[EXERCISE BRIEF]: The whole listing below should be printed again exactly, with no images.

======== DATASET EXCERPT ========

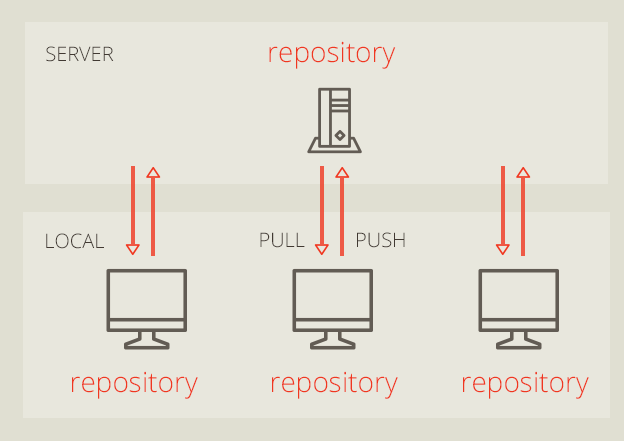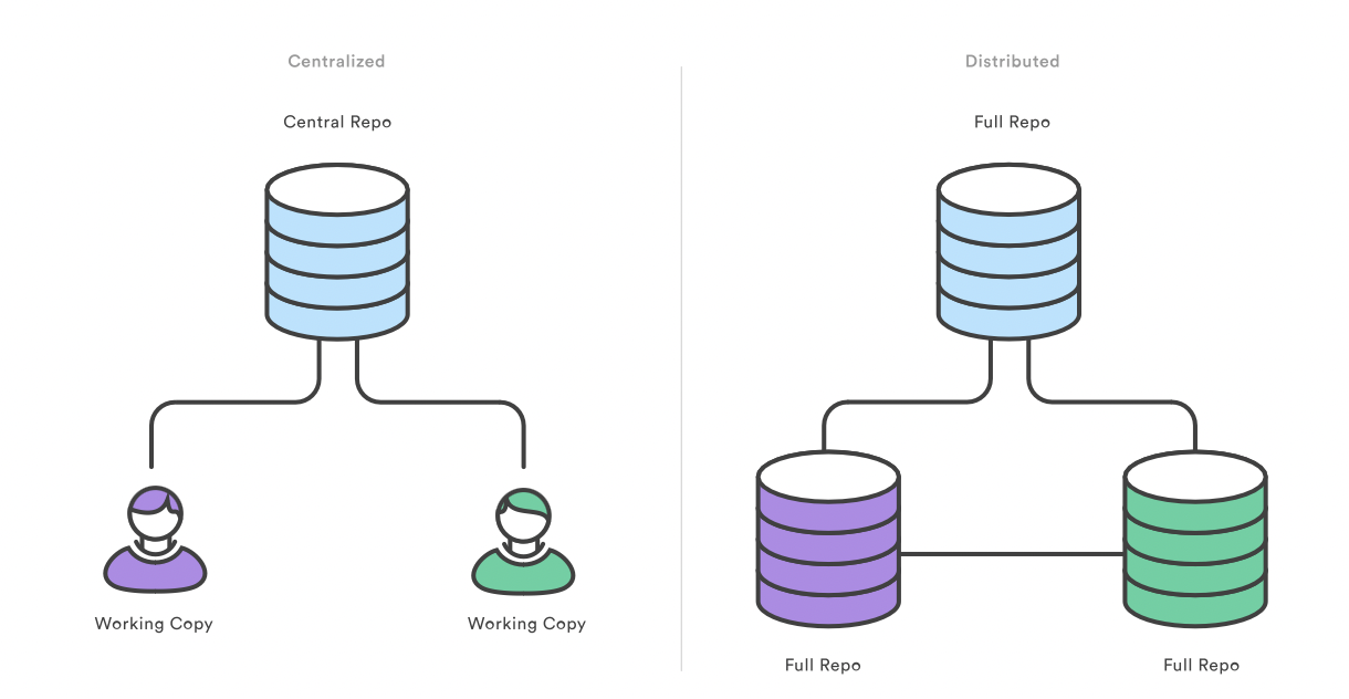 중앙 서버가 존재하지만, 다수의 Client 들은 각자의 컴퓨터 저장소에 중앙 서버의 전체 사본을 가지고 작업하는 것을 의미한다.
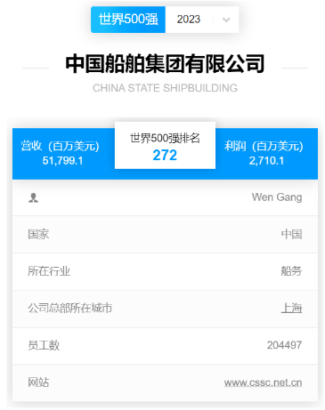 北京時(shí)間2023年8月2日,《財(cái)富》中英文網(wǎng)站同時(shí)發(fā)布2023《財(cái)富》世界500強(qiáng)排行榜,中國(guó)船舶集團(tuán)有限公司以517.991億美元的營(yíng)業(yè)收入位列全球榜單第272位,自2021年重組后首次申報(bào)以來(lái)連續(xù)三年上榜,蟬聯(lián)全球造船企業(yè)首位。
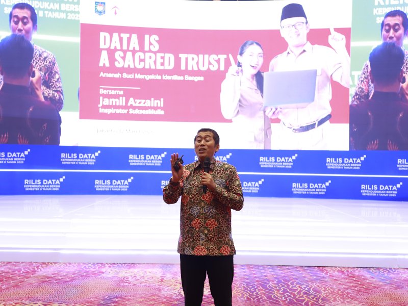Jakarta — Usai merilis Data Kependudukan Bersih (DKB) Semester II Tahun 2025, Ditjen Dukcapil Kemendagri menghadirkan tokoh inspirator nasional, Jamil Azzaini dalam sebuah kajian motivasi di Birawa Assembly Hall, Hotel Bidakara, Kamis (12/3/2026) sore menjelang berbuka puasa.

========

[WRITTEN RESPONSE]:
 중앙 서버가 존재하지만, 다수의 Client 들은 각자의 컴퓨터 저장소에 중앙 서버의 전체 사본을 가지고 작업하는 것을 의미한다.
 北京時(shí)間2023年8月2日,《財(cái)富》中英文網(wǎng)站同時(shí)發(fā)布2023《財(cái)富》世界500強(qiáng)排行榜,中國(guó)船舶集團(tuán)有限公司以517.991億美元的營(yíng)業(yè)收入位列全球榜單第272位,自2021年重組后首次申報(bào)以來(lái)連續(xù)三年上榜,蟬聯(lián)全球造船企業(yè)首位。
Jakarta — Usai merilis Data Kependudukan Bersih (DKB) Semester II Tahun 2025, Ditjen Dukcapil Kemendagri menghadirkan tokoh inspirator nasional, Jamil Azzaini dalam sebuah kajian motivasi di Birawa Assembly Hall, Hotel Bidakara, Kamis (12/3/2026) sore menjelang berbuka puasa.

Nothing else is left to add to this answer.